Meta has started using Facebook to test NFTs with select US creators following the May announcement that they’ll be doing so on Instagram. The company now also sells digital outfits from designers like Prada and Balenciaga for metaverse avatars.

Microsoft, Meta, Adobe, Nvidia, Ikea and Epic Games are among 30+ companies to join the Metaverse Standards Forum to establish standards for metaverse tech and develop new tools. The absence of Apple here indicates that the company isn’t fully on board the hype train just yet.

Definitely getting comfy on the hype train are eBay, which acquired NFT marketplace KnownOrigin, and Shopify, which launched Tokengated commerce as a way to reward VIPs.

As always, it’s a mixed bag. To the left, you’ll see investors expecting the worst in the medium-term. To the right, Forbes reports a more optimistic outlook for crypto’s future. And somewhere in the middle, New York is ruffling some crypto feathers after passing a moratorium on Bitcoin mining.

Sentient AI? Sure, Why Not

With reports about Google-developed AI coming to life, we figured we’d dive in and do some definitely-not-paranoid research about the space.

Pinterest announced it will acquire The Yes, a shopping platform utilizing AI to allow users to shop personalized feeds. Cruise has officially been permitted to charge customers for driverless taxi rides in San Francisco on select streets, at night and during good weather.

In an effort to improve its audio tech game, Spotify is acquiring Sonantic, the AI voice platform that gave Val Kilmer a voice in the “Top Gun: Maverick” movie.

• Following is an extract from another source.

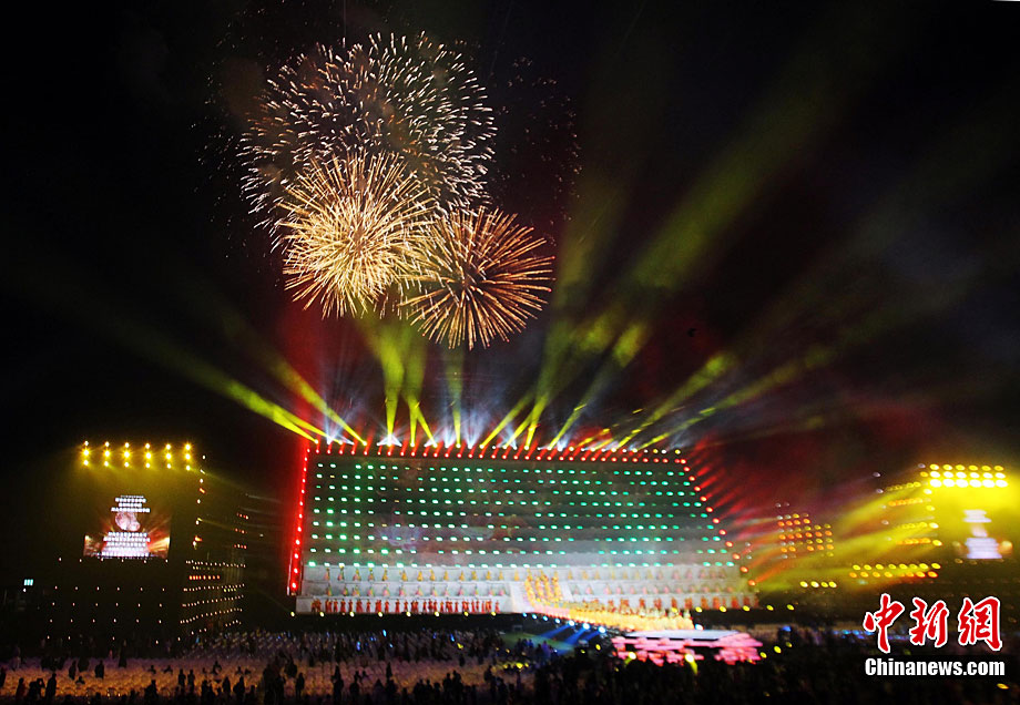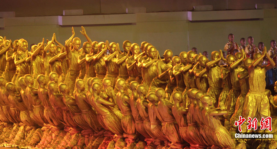 10月22日晚,“金身和尚”在國際少林武術(shù)節(jié)開幕式上表演。當(dāng)日,第八屆中國鄭州國際少林武術(shù)節(jié)在鄭州開幕。來自美國、法國、日本、及港澳臺等近60個國家和地區(qū)的1200名選手將在武術(shù)節(jié)期間同臺競技。中新社記者 王中舉 攝

And finally, biotech startup Meta Pharmaceuticals (not that Meta) raised $15 million to develop new autoimmune drugs with the help of AI. If we were paranoid, robots choosing which pills we’ll be popping would be a bit daunting. But, again, we’re not paranoid. At all. Everything is fine.

Startups to Watch


($80.2M in funding) Veo has designed a camera and cloud-based subscription service to record and automatically compile highlights of sports games. The video content can then be accessed and shared on Veo’s platform. Right now, the company is expanding its US operations and enhancing the scope of its technology.


($10.7M in latest funding) A wellness app offering live wellness classes as a way of delivering a “personal trainer anywhere,” Buddyfit is currently furthering its international expansion plans and doubling its team’s size.


($5.5M in latest funding) A digital payment platform that allows anyone to split payments for online purchases across multiple combinations of debit and credit cards, Kasheesh will use its funding to fuel hiring efforts alongside scaling its platform.


($3.5M in latest funding) Ivella is a developer of banking and financial apps helping couples split their expenses. Its new capital will serve to fuel the company’s ongoing development.

TOCA Football

($40M in latest funding) The LA-based soccer technology company aims to disrupt and elevate the soccer experience through user-centered technology. Its new funds will be used to double the number of its facilities in the US and to open a site in the UK.